Google Homeでプッシュ通知が可能になる「GHKit」を試す(初期設定編)山口真弘のスマートスピーカー暮らし(1/2 ページ)

» 2018年07月03日 16時00分 公開
[山口真弘ITmedia]

 現行のスマートスピーカーの弱点の一つに、プッシュ通知ができない、あるいはできても機能が貧弱なことが挙げられる。例えば「Amazon Echo」は、最近になってスキル側で通知機能の実装を始めたが、メールの受信通知などスマートフォンでは当たり前のプッシュ通知がまだできない。

 一方の「Google Home」は、今のところプッシュ通知能自体が搭載されていないが、「google-home-notifier」など外部モジュールを使ってあの手この手でプッシュ通知を実現することは可能で、2017年末にGoogle Homeが発売されて以来、多くのユーザーがその構築にチャレンジしている。ネットでざっと検索しても、さまざまな記事が見つかる。

 とはいえ、これらの設定にあたっては多少なりともプログラミングの知識が必要になるため、初心者にとってハードルが高いわけだが、こうした場合に試してみたいのが、てとてとて合同会社が販売している「GHKit」なるキットだ。

 これは「Raspberry Pi」をベースに上記の基本設定をあらかじめ済ませたキットで、Google Homeを設置しているネットワーク環境に参加させれば、Google Homeにプッシュ通知が可能になる。具体的には、メールを受信すると件名を読み上げてくれたり、雨が降りそうなときにそれを知らせてくれたりする。

GHKit 「Google Home」(左)との連携でプッシュ通知を実現する「GHKit」(右)。「Raspberry Pi」上で動作する
GHKit 「myThings」や「IFTTT」との連携により、指定のメッセージをGoogle Homeに喋らせることが可能だ(画像は同社Webサイトより)
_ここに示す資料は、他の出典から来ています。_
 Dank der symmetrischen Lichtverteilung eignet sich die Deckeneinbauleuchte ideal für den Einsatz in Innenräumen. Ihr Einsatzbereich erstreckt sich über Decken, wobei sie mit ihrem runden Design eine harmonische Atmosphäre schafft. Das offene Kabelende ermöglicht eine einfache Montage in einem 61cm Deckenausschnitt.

 これらは「myThings」や「IFTTT」との連携によって実現していることから、工夫次第でさまざまな通知が行える。スキルごとの通知機能しか用意されないAmazon Echoよりも、自由度は格段に高い。今回はこのキットについて、概要および初期設定の手順を紹介する。

Raspberry Piをベースに設定済みのキット(単体でも提供)

 本キットは最小構成がmicroSDのみ(税込1万800円)、標準構成がRaspberry Pi(Raspberry Pi 3Bをケースに入れたもの)とmicroSDのセット(税込1万9440円)という2つのラインアップになっている。
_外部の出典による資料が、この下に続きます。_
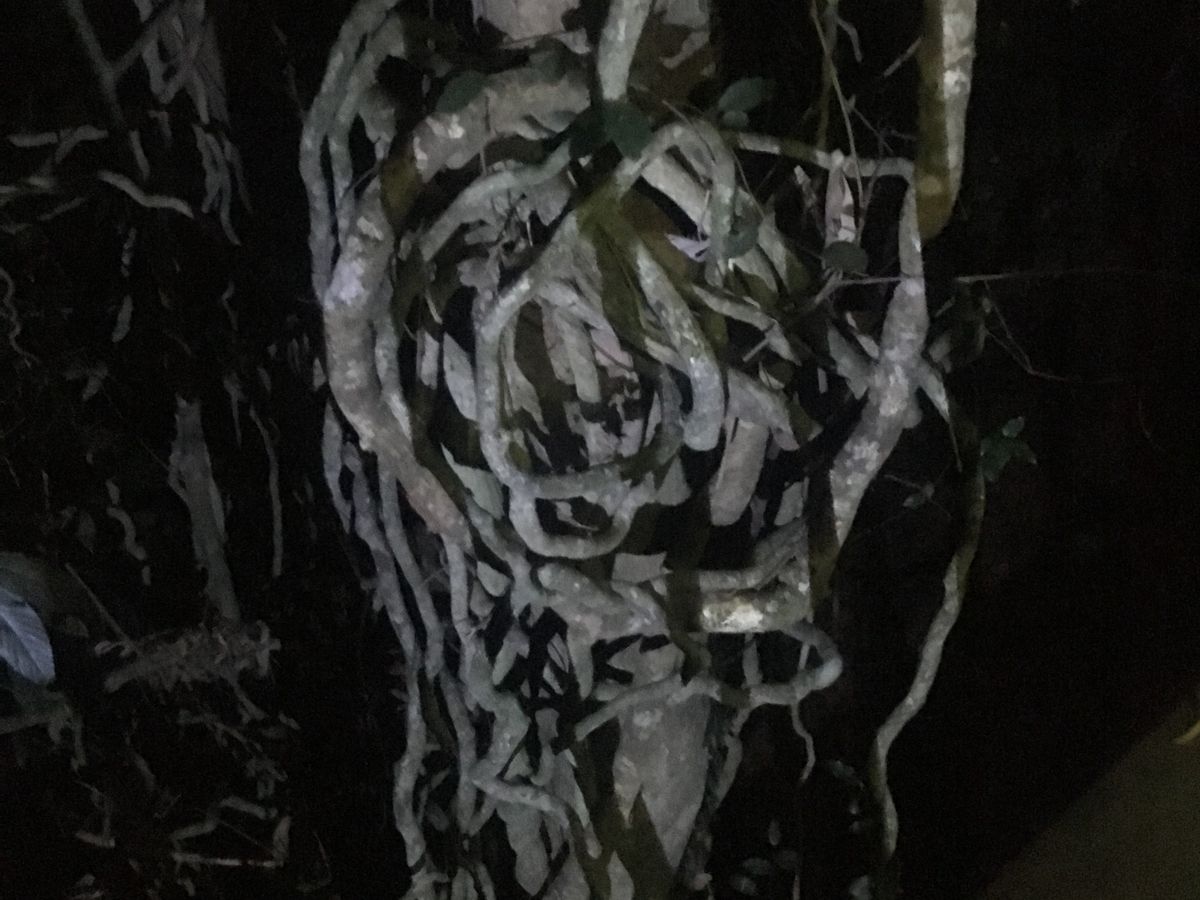 オージービーフでお腹を満たしたのち、真っ暗なジャングルの中の道無き道を4WDのごついバスで川に入ったりしながら進み…この時点で結構揺れる、たまに野生動物(フクロウとかカエルとか。時には木登りカンガルーが出るとか)が出る、テンションぐんぐん上がって来たところで絞め殺しを見に行くのですが夜中見ると本当に!迫力満点!!

 要するにGHKitの本体に相当するのはmicroSDに書き込まれたプログラムで、それを動かすためのハードウェアにあたるラズパイことRaspberry Piは自前で用意してもいいし、なければセットで購入すればいいというわけだ。

GHKit 標準構成の写真。といってもこれは公式ケースに入った「Raspberry Pi 3B」そのものであり、GHKitの本体と呼ぶには少々語弊がある
GHKit Raspberry Pi 3Bに挿入されているmicroSDがGHKitの本体ということになる

 設置方法としては、Google Homeに物理的につなげるのではなく(つなげようもない)、Google Homeが参加しているネットワークに本キットを参加させ、連携させるという手順になる。といってもGoogle Home側で行うことは何もなく、本キット側で設定を行うだけで、Google Homeがプッシュ通知を受け取れるようになるというのが面白い。
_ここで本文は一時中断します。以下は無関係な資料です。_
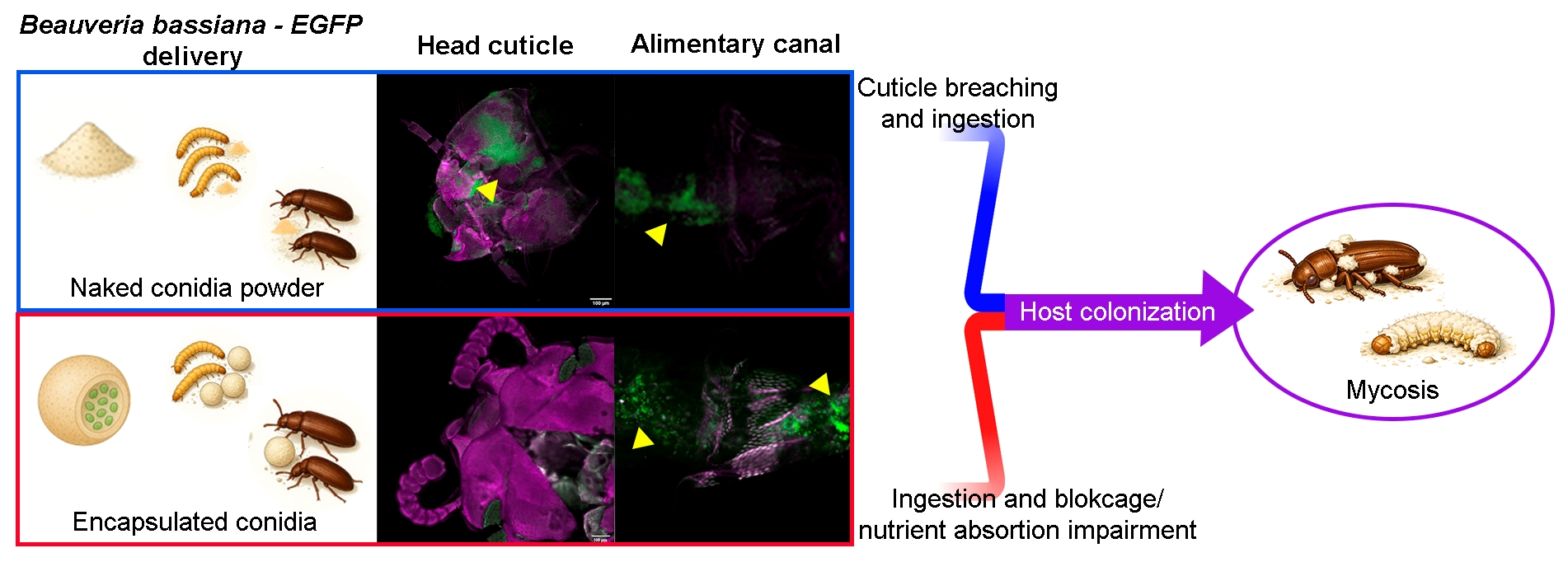 Preisegger, L.; Flecha, J.C.; Ghilini, F.; Espin-Sánchez, D.; Prieto, E.; Oberti, H.; Abreo, E.; Huarte-Bonnet, C.; Pedrini, N.; Mannino, M.C. Visualizing Oral Infection Dynamics of Beauveria bassiana in the Gut of Tribolium castaneum. J. Fungi 2025, 11, 101. https://doi.org/10.3390/jof11020101

 なお接続方法だが、Raspberry Pi 3Bは有線LANポートを搭載する他、無線LAN(Wi-Fi)にも対応するので、接続方法はどちらでも問題ない。ただし初期設定は必ず有線LANで行う必要があり、その際のLANケーブルは自前で用意する必要がある。

GHKit Raspberry Pi 3Bは有線LANポートを備える他、無線での接続にも対応する。初回セットアップ時は必ず有線でネットワークに接続する必要がある

ネットワークに参加させるだけでGoogle Homeがしゃべり出す

 設定は専用のスマホアプリ「GHKit」を用いて行う。まずはスマホアプリをダウンロードして使えるようにした上で、本製品にACアダプターを接続し、さらにLANケーブルを使って本製品をルーターもしくはハブに接続する。

GHKit まずはRaspberry Pi 3Bを有線でルーターもしくはハブに接続する

 続いてスマホアプリを起動し、製品購入時に同社からメールで受領した「GHKit ID」をスマホアプリに入力して「送信」を行う。ボタンのラベルは「送信」となっているが実質的にはこれはログインに相当する。

GHKitGHKit スマホアプリ「GHKit」をダウンロードする(画像=左)。購入時に送られてきた「GHKit ID」をスマホアプリに入力して「送信」をタップ(画像=右)

 正常にGHKit IDが入力されていれば、メッセージの送信やネットワーク内のGoogle Homeの指定、Raspberry PiのWi-Fi設定が行える画面が開く。開かなければGHKit IDが間違っているか、LANケーブルがつながっていないなどの理由でネットワークに接続できていないことが考えられる。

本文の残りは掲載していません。